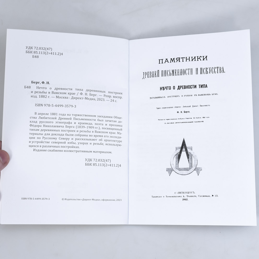 Книга 'Нечто о древности типа деревянных построек и резьбы в Важском крае', Берг Ф.Н.М00022049 390 pСкоро Уведомить
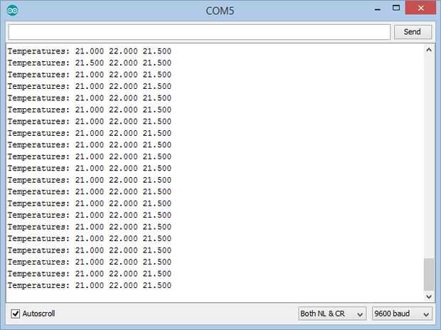 Si abres Terminal de serie en el IDE de Arduino o Visuino, ves la temperatura medida por termómetros (foto 2).
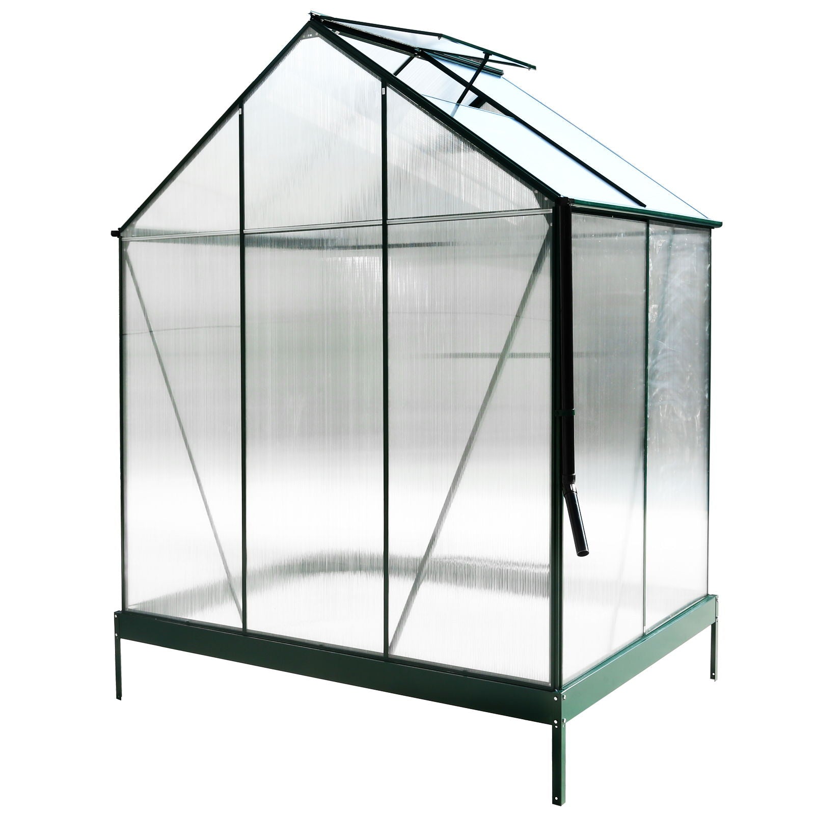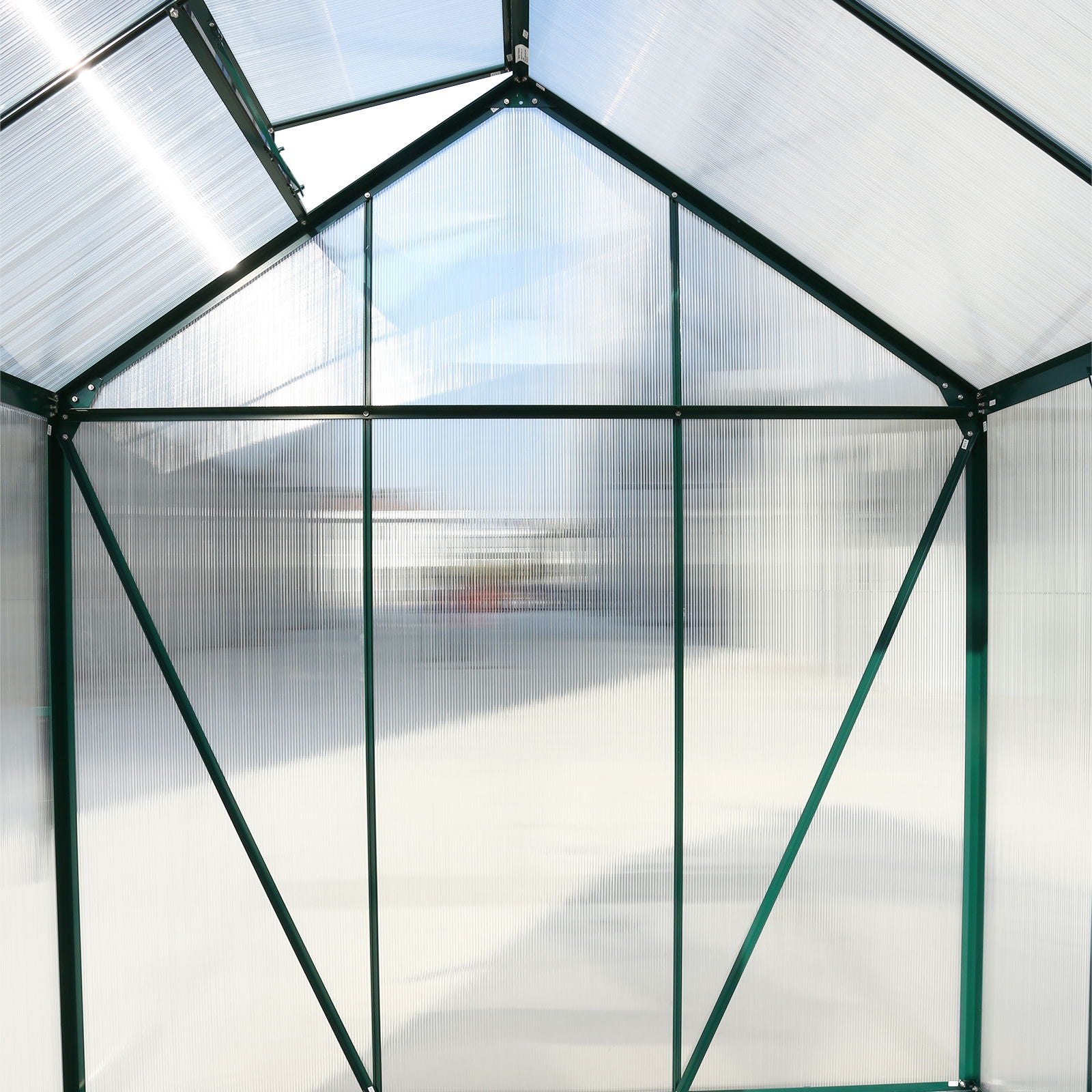 6.3'x4.2'x7' Polycarbonate Greenhouse, Heavy Duty Outdoor Aluminum Walk-In Green House Kit With Rain Gutter, Vent And Door For Backyard Garden - Green

Problem description: What's needed is every line above, retyped exactly and free of pictures.

Answer box:
 Книга 'Нечто о древности типа деревянных построек и резьбы в Важском крае', Берг Ф.Н.М00022049 390 pСкоро Уведомить
 Si abres Terminal de serie en el IDE de Arduino o Visuino, ves la temperatura medida por termómetros (foto 2).
 6.3'x4.2'x7' Polycarbonate Greenhouse, Heavy Duty Outdoor Aluminum Walk-In Green House Kit With Rain Gutter, Vent And Door For Backyard Garden - Green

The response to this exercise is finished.